Patients <18 years were staged as per Murphy's classification and received risk-stratified based treatment as per LMB 96 protocol. The treatment consisted of an initial cytoreductive phase - COP (cyclophosphamide, vincristine, prednisolone), followed by two induction courses-COPAD-M (cyclophosphamide, vincristine, prednisolone, adriamycin, methotrexate). An interim assessment with a PET scan was done for all patients after a single course of consolidation-CYM (Cytarabine, Methotrexate) and CYVE (Cytarabine, Etoposide) for group A, B, and group C patients respectively. In case of CR (complete remission), another course of consolidation was given and the patient received maintenance COPADM. However, if there was PR or No CR, patient's treatment group was upgraded. Patients >18 years were staged as per Ann arbors staging criterion. Patients were risk-stratified as low risk (completely resectable abdominal disease with normal LDH and mass <10 cm) or high-risk disease. Low-risk patients received R-DA-EPOCH (Rituximab – Dose Adjusted etoposide, vincristine, prednisolone, cyclophosphamide, and adriamycin) while high-risk disease patients received either CODOX-MR/IVAC (cyclophosphamide, vincristine, doxorubicin, high-dose Methotrexate, rituximab/ifosfamide, etoposide, and high-dose cytarabine) or Hyper CVAD (Cyclophosphamide, Vincristine, Adriamycin, and Dexamethasone) depending upon treating physician's discretion.

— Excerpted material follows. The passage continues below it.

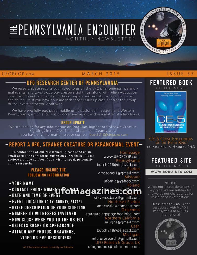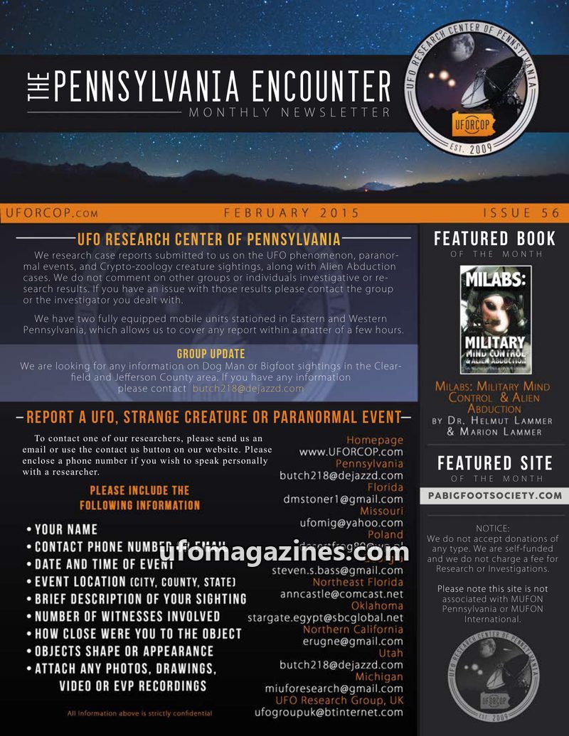 This issue of the Pennsylvania Encounter newsletter from the UFO Research Center of Pennsylvania (UFORCOP) for February 2015 covers ongoing research into UFOs, paranormal events, c

An interim PET assessment was done post 2 cycles in high-risk patients and those in CR are followed up. For patients not in CR, treatment was upgraded to more intensive protocols. For patients receiving R DA EPOCH, post 3 cycles, interim assessment was done and those with responding disease received 3 more cycles. Those in CR after 6 cycles were followed up while those with residual disease were typically kept for more intensive protocols. The clinico-pathologic characteristics and treatment outcome of the thirty-six cases have been described below in [Table 1].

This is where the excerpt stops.